We are part of a special interest group at NJIT's ACM chapter called SIG Data. We learn new topics about pandas every week with the goal to create a stock data analysis project and a stock price predictor project. We really enjoyed the Verbwire workshop and thought it would be a great start to use its API to create data visualizations using pandas.

What it does

Our project has three main functions. First, a wallet address can be input and a bar graph showing the count of unique token names owned by that wallet is displayed. Second, a slug can be input and a line graph showing the sales price over time is displayed. Finally, a slug can be input and a table with the top 100 wallets is displayed along with important summary statistics.

How we built it

We built our project using the Verbwire API, jupyter notebook, and python (pandas and matplotlib). Our data was extracted using the Verbwire API and was transformed from a JSON to a pandas dataframe. Using these dataframes, we were able to manipulate and visualize the data in order to display the most important information. We also created a website with a domain name created from and using PythonAnywhere and Flask. The goal of the website is to make the visualization interactive and more usable by users.

Challenges we ran into

Our team member with web development experience was unable to show up because of an emergency so our project was limited to the code on our Jupyter Notebook. Despite this challenge, we still attempted to make the basic structure for the website even though neither of us had any web development experience. Another challenge we ran into was reformatting the datetime column in our sales event function. The goal was to plot the sales event data using the original timestamps, but to have custom time intervals to make the axis easier to read and less cluttered. Unfortunately, we were unable to fix this issue, but we did find another work around that actually worked better than our original goal. We ended up adjusting the size of the plots to make the information more readable

Accomplishments that we're proud of

We were able to use the Verbwire API to extract and process data and transform response objects to a pandas dataframe despite having no past experience with APIs. We were also able to host a website even though we have no web development experience.

What we learned

How to use an API to access data. How to transform response objects to JSONs, and JSONs to pandas dataframes.
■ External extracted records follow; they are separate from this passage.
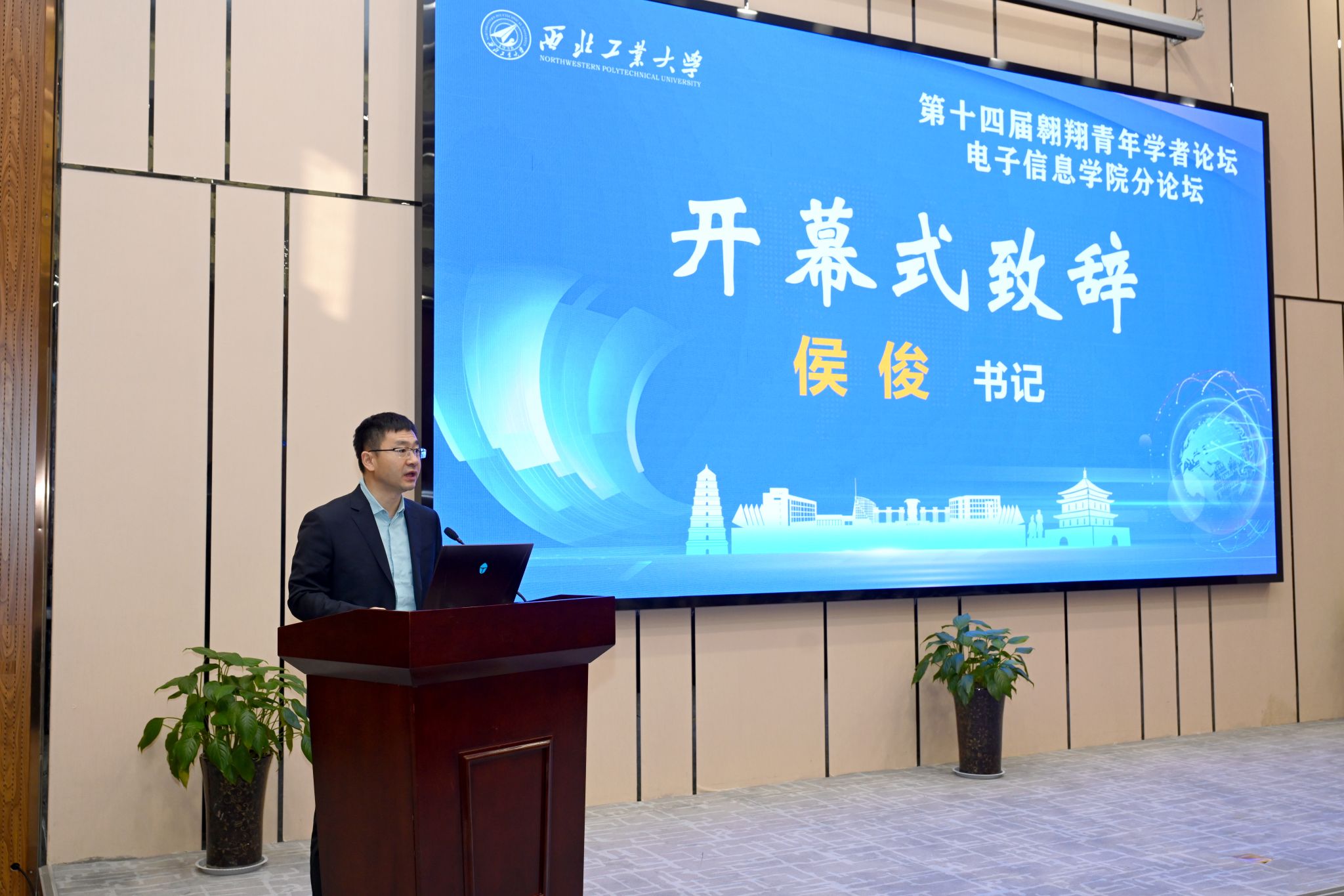 侯俊代表学院致开幕辞,向与会的海内外青年学者表示热烈欢迎,他强调,学院高质量发展离不开高水平的师资队伍,学院高度重视人才引育工作,真诚期待海内外心系祖国、胸怀天下的优秀青年才俊加盟西北工业大学电子信息学院。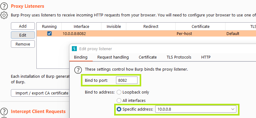 Once installed, I set my proxy listener in Burp to that of my host Ethernet IP, and a port of my choosing as per usual.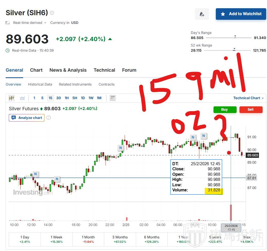 就在这次所谓的“技术故障”发生前后,有交易者发现了一个无法忽视的时间节点——短短15分钟,31,828份白银期货合约,折合1.591亿盎司白银被集中性抛售,目标价位正是91美元阻力位。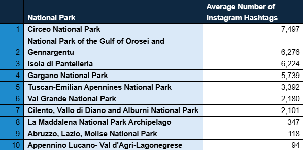 Nationaal Park Cilento, Vallo di Diano en Alburni staat op de vierde tot laatste plaats met gemiddeld 2.101 posts, en Nationaal Park Val Grande, gelegen in Noord-Italië op de grens met Zwitserland, staat op de vijfde tot laatste plaats met een Instagram postgemiddelde van 2.180.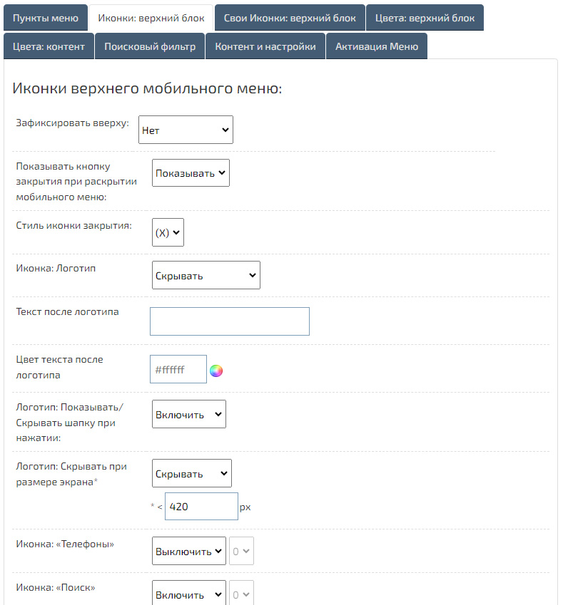 Укажите необходимые иконки. В меню можно добавить автоматическое открытие «Поискового фильтра», загрузку собственного контента любой страницы при нажатии, а также всплывающие формы «Обратный звонок» и «Обратная связь». Вы можете выключить отображение «Шапки» и «Главного меню», а также после добавления «Мобильного меню: Приложения» рекомендуем выключить стандартную «Мобильная кнопку» в «Редакторе дизайна» во вкладке «Главное меню».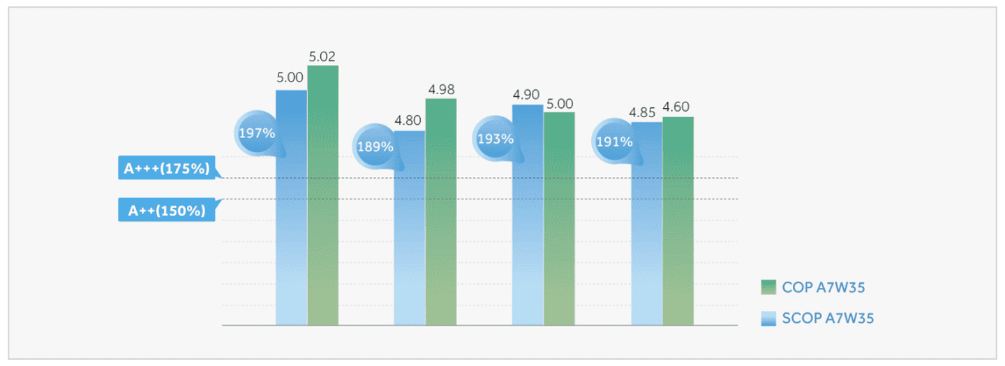 Тепловой насос Haier Super Aqua обеспечивает высочайший уровень энергоэффективности, достигая класса A+++ при температуре воды 35°C и A++ при температуре воды 55°C. Это позволяет значительно уменьшить затраты на электроэнергию и эксплуатационные расходы по сравнению с традиционными системами отопления.

How to create plots using matplotlib and adjust them to make the plot more readable. How to create and host a basic website using python-anywhere. How to properly structure a project in Jupyter Notebook. How to use Git to commit and push our changes to GitHub.

What's next for Hack the Whale

We plan to implement our data visualization code into our website in the next SIG Data meeting. From there we will expand the website so that it has more features.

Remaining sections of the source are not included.